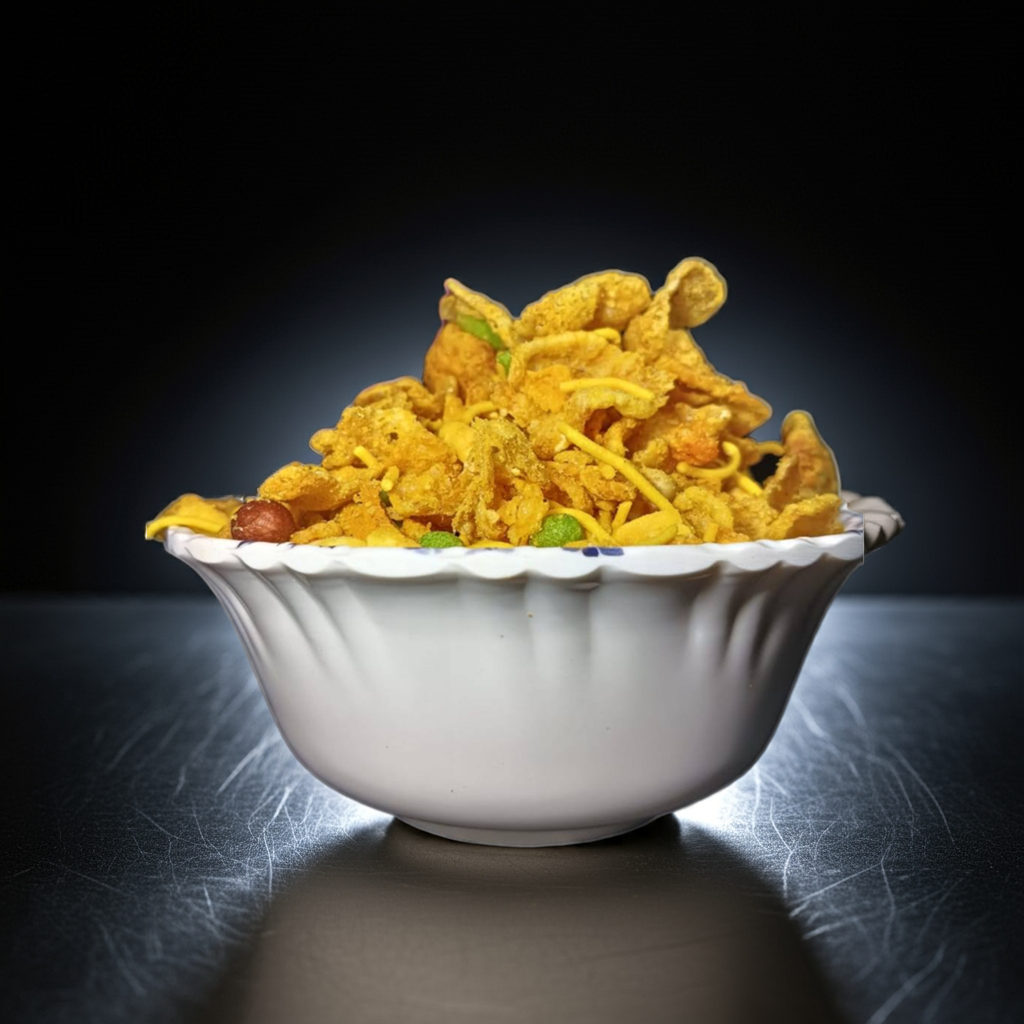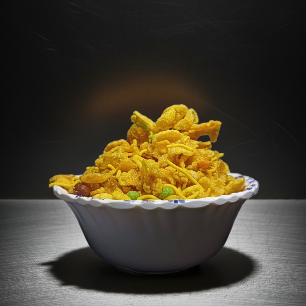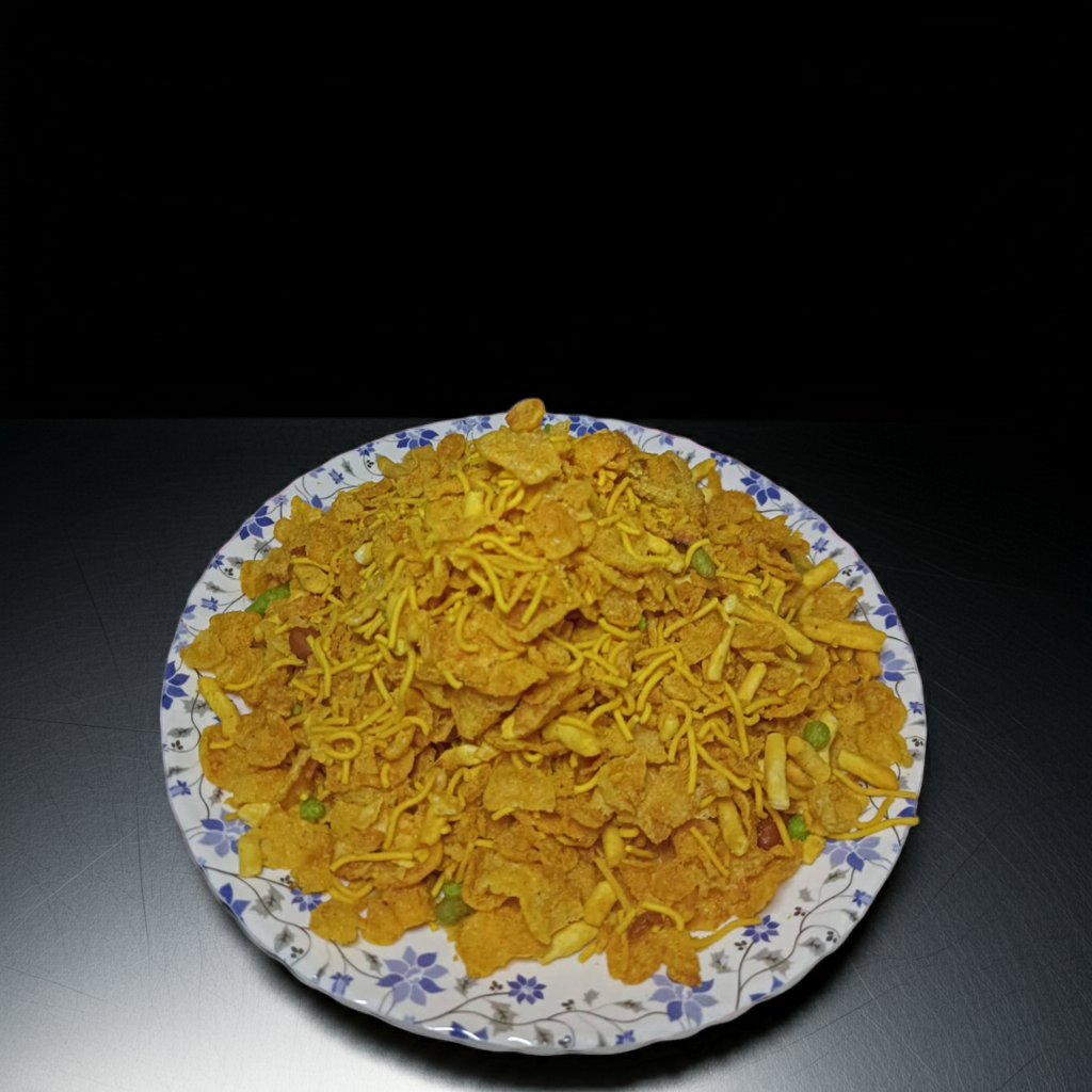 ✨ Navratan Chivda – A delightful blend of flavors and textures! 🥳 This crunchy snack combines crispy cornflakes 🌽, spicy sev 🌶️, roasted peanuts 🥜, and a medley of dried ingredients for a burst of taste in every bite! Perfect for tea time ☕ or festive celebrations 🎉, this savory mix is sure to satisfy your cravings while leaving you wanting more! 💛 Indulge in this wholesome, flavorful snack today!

---

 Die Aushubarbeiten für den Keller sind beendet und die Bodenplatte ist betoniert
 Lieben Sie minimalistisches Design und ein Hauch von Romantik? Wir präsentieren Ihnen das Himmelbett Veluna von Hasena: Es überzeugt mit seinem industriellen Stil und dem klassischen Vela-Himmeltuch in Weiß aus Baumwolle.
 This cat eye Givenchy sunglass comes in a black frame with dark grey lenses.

§ REQUIRED ACTION: Your answer must consist solely of the lines above between the line holding "Lieben Sie minimalistisches" and the line holding "This cat eye", inclusive, copied exactly.

§ WORKED SOLUTION:
 Lieben Sie minimalistisches Design und ein Hauch von Romantik? Wir präsentieren Ihnen das Himmelbett Veluna von Hasena: Es überzeugt mit seinem industriellen Stil und dem klassischen Vela-Himmeltuch in Weiß aus Baumwolle.
 This cat eye Givenchy sunglass comes in a black frame with dark grey lenses.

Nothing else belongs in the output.